Engineering and Technology
Machine learning the Hubbard *U* parameter in DFT+*U* using Bayesian optimization
M. Yu, S. Yang, et al.
The study addresses the challenge that semi-local DFT functionals (e.g., PBE) suffer from self-interaction error, leading to systematically underestimated band gaps and, in some cases, spurious metallicity. While hybrid functionals (e.g., HSE) often rectify these issues, their computational cost limits their use for large systems and high-throughput screening. The DFT+U method offers a more affordable correction, but its accuracy hinges on selecting appropriate, system-dependent Hubbard U parameters. Conventional strategies for determining U include empirical fitting to experiments, which fails when data are unavailable, and several first-principles approaches (linear response, unrestricted Hartree–Fock, cRPA), which can be computationally demanding. The research question is whether a machine-learning-based Bayesian optimization framework can efficiently and robustly determine optimal U parameters that reproduce hybrid-functional band gaps and qualitative band-structure features, thereby achieving hybrid-level accuracy at semi-local cost.

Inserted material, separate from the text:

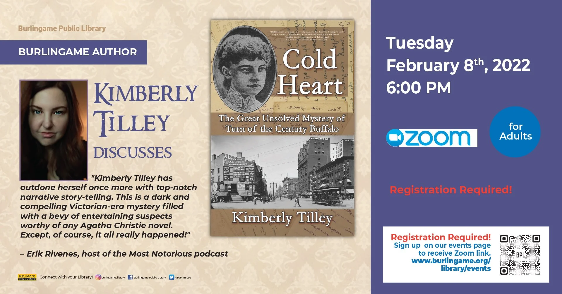 Join us on Zoom to hear Burlingame author Kimberly Tilley discusses her historical true-crime book Cold Heart about tycoon Ed Burdick's murder in 1903 while his family slept upstairs.

Prior work established DFT+U as a pragmatic correction for correlated materials, but obtaining reliable U values is nontrivial. The linear response (LR) method (Cococcioni and de Gironcoli) computes Ueff from differences between interacting and non-interacting response functions, requiring supercells and convergence with cell size, increasing cost. A modified self-consistent LR exists but remains demanding. The unrestricted Hartree–Fock (UHF) embedded-cluster approach also requires convergence with cluster size. Constrained RPA (cRPA) provides U from many-body screening but is significantly more expensive. Hybrid functionals such as HSE can serve as accurate references for band structures and gaps, although at higher cost than GGA. Prior benchmarking has shown hybrid functionals’ reliability across materials. These contexts motivate a data-efficient optimization strategy that leverages a single, accurate reference (e.g., HSE) to learn U parameters for affordable PBE+U calculations.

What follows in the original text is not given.